» Problem details:
Retype, word for word, the line holding "授業中、地震を想定した避難訓" and each line after it down to the end of the data; pictures are not copied.

» Data provided:
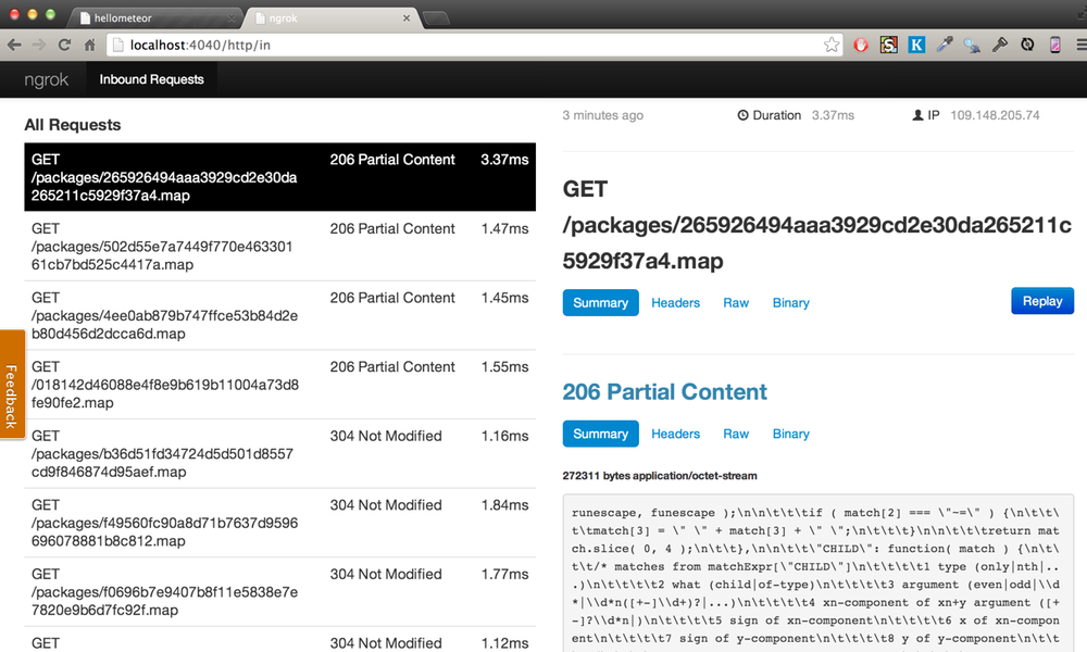 Ngrok also provides you with traffic analyser, available on http://localhost:4040/. In addition to console log, you can view in real time how packets are requested and sent, as well as dig into the packets for more curious details.
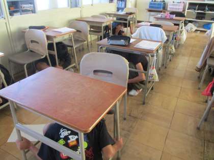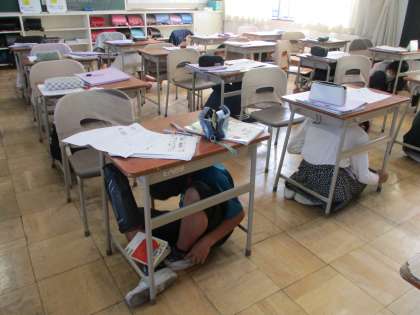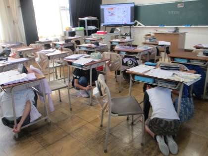 授業中、地震を想定した避難訓練が行われていました。いきなりの放送に驚くことなく黙って机の下にもぐり身を守ることができました。廊下に素早く並び人員点呼もできました。これまでの訓練がいきています。落ち着いた行動、真剣な様子に感心しました。
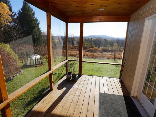 Vue imprenable sur les montagnes depuis plusieurs pièces, quatre vérandas, une serre et un chalet détaché idéal comme bureau, atelier d'artiste ou menuiserie. L'étage principal comprend hall, salon, salle familiale, salle à manger, cuisine, garde-manger, deux salles d'eau, chambre au rez-de-chaussée et accès à une véranda moustiquaire, deux vérandas supplémentaires et l'allée. Le niveau inférieur offre deux chambres, salle de bain complète avec laveuse-sécheuse, rangement, sous-sol partiellement aménagé et accès à une véranda. À 1h10 de Montréal et 50 min de Sherbrooke. (46030251)

» Written response:
 授業中、地震を想定した避難訓練が行われていました。いきなりの放送に驚くことなく黙って机の下にもぐり身を守ることができました。廊下に素早く並び人員点呼もできました。これまでの訓練がいきています。落ち着いた行動、真剣な様子に感心しました。
 Vue imprenable sur les montagnes depuis plusieurs pièces, quatre vérandas, une serre et un chalet détaché idéal comme bureau, atelier d'artiste ou menuiserie. L'étage principal comprend hall, salon, salle familiale, salle à manger, cuisine, garde-manger, deux salles d'eau, chambre au rez-de-chaussée et accès à une véranda moustiquaire, deux vérandas supplémentaires et l'allée. Le niveau inférieur offre deux chambres, salle de bain complète avec laveuse-sécheuse, rangement, sous-sol partiellement aménagé et accès à une véranda. À 1h10 de Montréal et 50 min de Sherbrooke. (46030251)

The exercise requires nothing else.